Чрезвычайно интересные сведения, только мне-то в них какой прок? Я предпочёл бы нырнуть под собственные покрывала, а не… Впрочем, в хорошей компании можно и на футончике посидеть.
— И часто ты проводишь так время? — подмигнул я. Девушка хихикнула, приглаживая волосы невесть откуда взявшимся гребнем. — Без его ведома?
— Ну что вы, господин! Наверняка, ему известно! Я ведь кукла, и он прекрасно понимает, что мне необходимо. — Она отложила гребень в сторону и плавным движением, слегка собственническим, натянула край ткани до подбородка спящего. Её нежно-розовые губы всё ещё улыбались, но глаза перестали искриться живым весельем. И голос изменился.
— Что же тебе необходимо, Мэй-Мэй? — тихо спросил я, не надеясь на прямой ответ. Тем удивительней было выражение на лице собеседницы. Неописуемая жажда чего-то, что почти у тебя в руках, но при этом никогда не будет твоим, и ты об этом знаешь. Надежда и отчаяние. Свет мечты и тень сомнения, сменяемая тьмой безразличия, которая одна лишь и способна заживить раны твоего сердца — заживить, но не заставить их исчезнуть.
— Что? — ответила она, едва шевеля губами. — У вас, людей, это называется теплом… обычным теплом.
— Теплом? — повторил я. — Только и всего?

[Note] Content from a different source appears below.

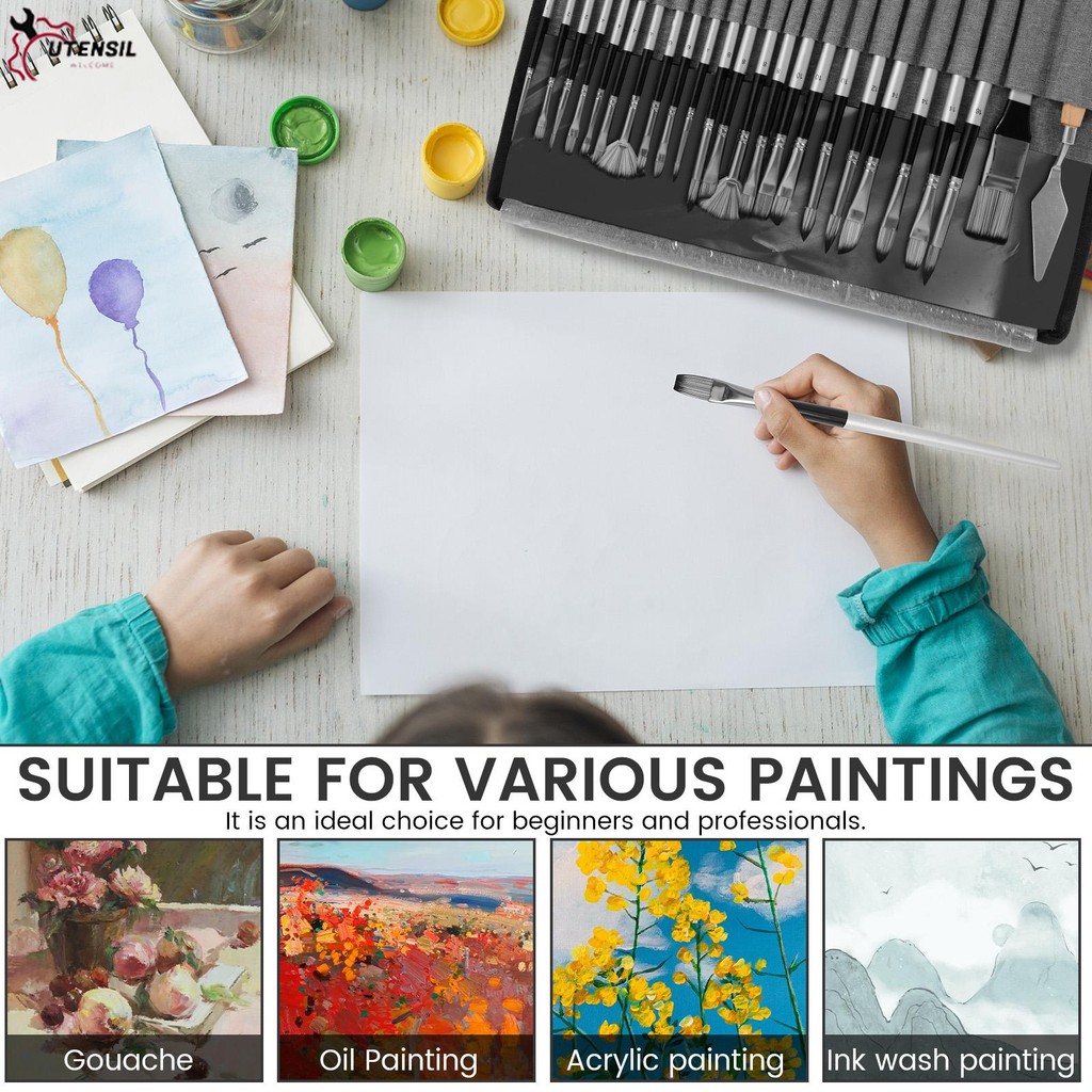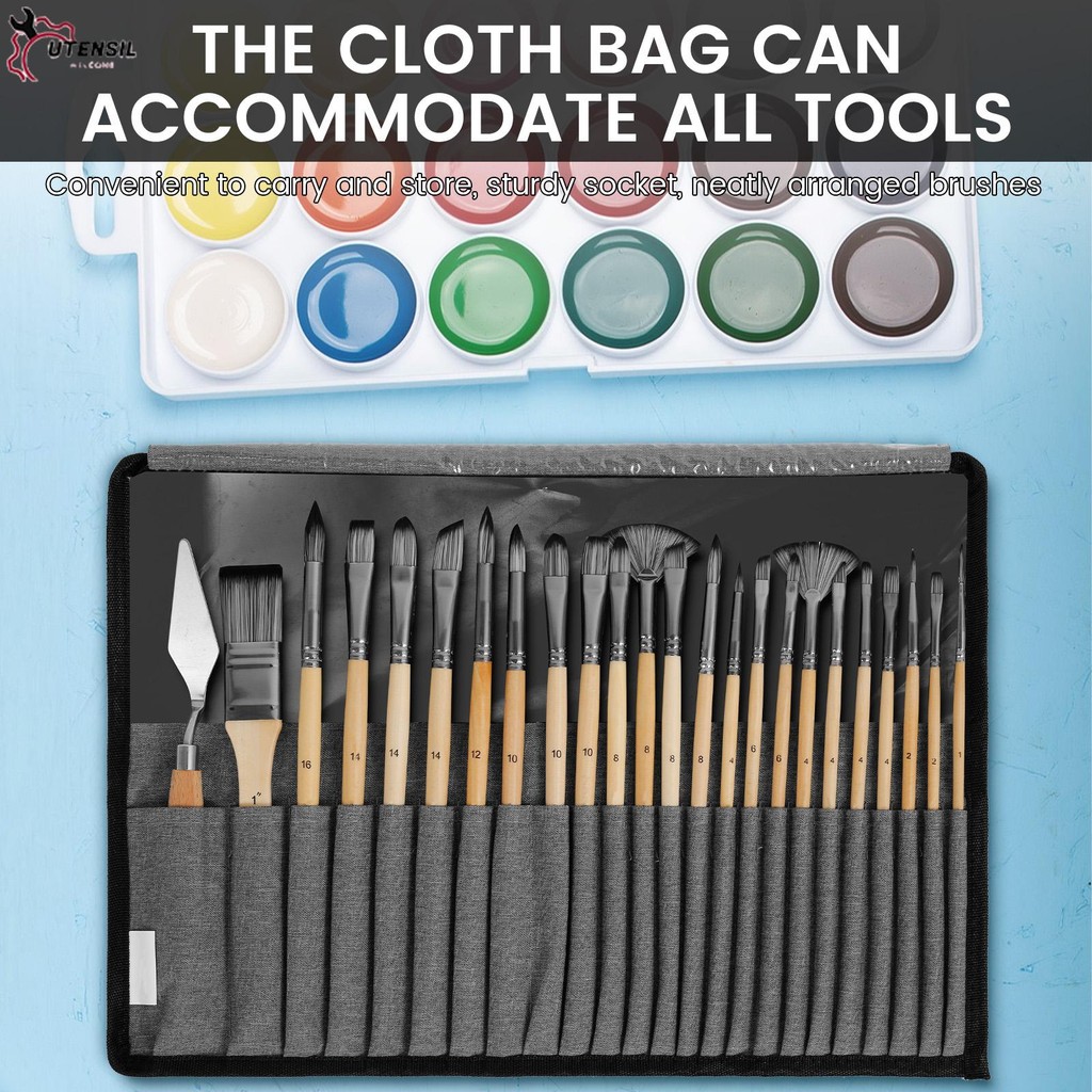 25 ชิ้นแบบพกพาชุดแปรงทาสีประหยัดพื้นที่สีน้ํามันชุดแปรงปฏิบัติภาพวาดซัพพลายกับมีดโกนและถุงผ้า ร้านค้า6315

— Всё не так просто, Кай, — спящий подал голос. Мы с девушкой разом обернулись к нему — глаза юмеми были закрыты, но на лице играла тонкая полуулыбка. — Есть вещи, в создание которых творец вложил частичку себя, и кукла вполне может быть такой вещью. Но она обретает собственное «я», лишь будучи любимой, согреваемой теплом души. Самая дорогая игрушка остаётся обычным предметом, пока стоит в нише. И только попадая в руки ребёнка или того, кто считает её чем-то большим, нежели искусно выполненное подобие человека, она преображается. А забытая, снова утрачивает свои необыкновенные качества. Малышку же, сразу видно, создавал великий мастер! Возможно, она единственная в своём роде. Мне не попадались другие куклы, способные выглядеть настолько… живыми. — Он, наконец, открыл глаза и тотчас же сощурился, глядя на меня.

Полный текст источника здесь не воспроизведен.